O que chama bastante as atenções neste ano, também, são os casos de palestrantes exóticos. Quem esquecer a programação de palestras no hotel e, desavisadamente, ir parar no Debussy para ver o que está acontecendo, corre o risco de se deparar frente a frente com um dos melhores lutadores de artes marciais mistas (MMA) do mundo: o canadense Georges St-Pierre, sempre citado como protagonista da “luta dos sonhos” contra o brasileiro Anderson Silva. Antes de perguntar o que ele está fazendo ali, vale uma lida na descrição da apresentação do especialista em jiu-jistu e caratê, que está sendo patrocinada pela editora canadense The Globe and Mail: “Junte-se a nós para entender como construir e manter um perfil nas redes sociais com o máximo de impacto e o mínimo de perdas”. Na prática, uma aula sobre um tema bastante atual no mercado, que é o gerenciamento de imagem nas redes sociais.
Outro caso é do grupo sul-coreano de Rhythm and Blues 2NE1, que tem como seu maior sucesso a música “I Don´t Care, Go Away”, cantada por quatro garotas que misturam coreano e inglês. A palestra patrocinada pela Cheil mostrará como o pop coreano se utiliza de mídias digitais para se propagar pelo mundo.

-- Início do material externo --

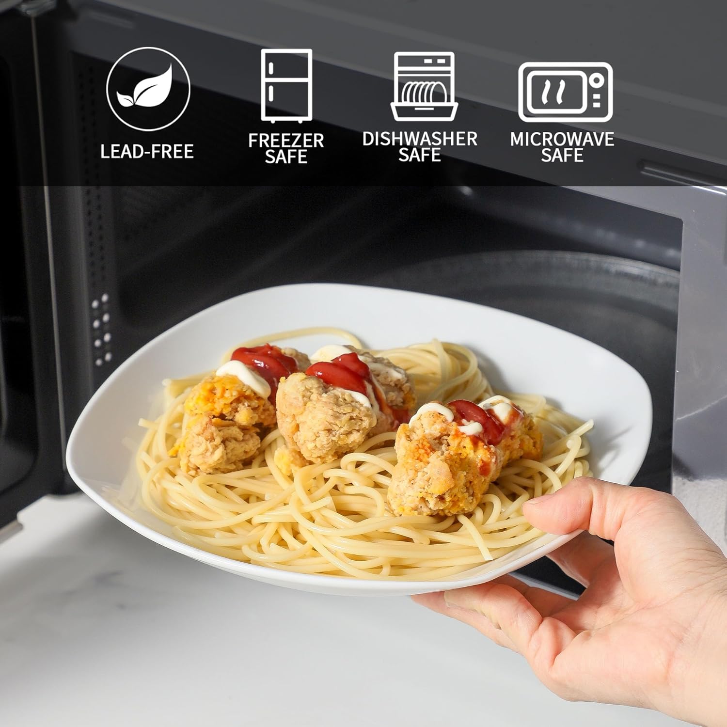- Microwave and Dishwasher Safe: High-quality durable porcelain, no cracks, chips, or flaws. You are able to warm food in the oven or microwave without worry about shattering. These dinner plates are very easy to clean because of the smooth surface. You can wash them with soap and hot water, or simply place them into your dishwasher.Also safe for dishwasher

Já no seminário “Inspire me for the Future”, do bureau de mídia Starcom MediaVest e do TED, serão quatro participantes que pretender inspirar a plateia para o futuro: a química Rachel Armstrong, apresentada como pioneira em biologia sintética (atividade descrita como engenharia racional de sistemas vivos), o músico Usman Riaz, que experimenta diversos instrumentos musicais distintos e acredita que as pessoas podem conseguir tudo o que querem se colocarem seus objetivos na mente, o designer gráfico E Roon Kang, especializado em instalações interativas e que critica sistemas complexos e a falta de eficiência em projetos do gênero e, por fim, o cientista de complexidade Eric Berlow, que é também ecologista e se diz “especializado em não se especializar”. Será que politicos, músicos e outros profissionais serão suficientes para tirar os criativos das salas de exibição?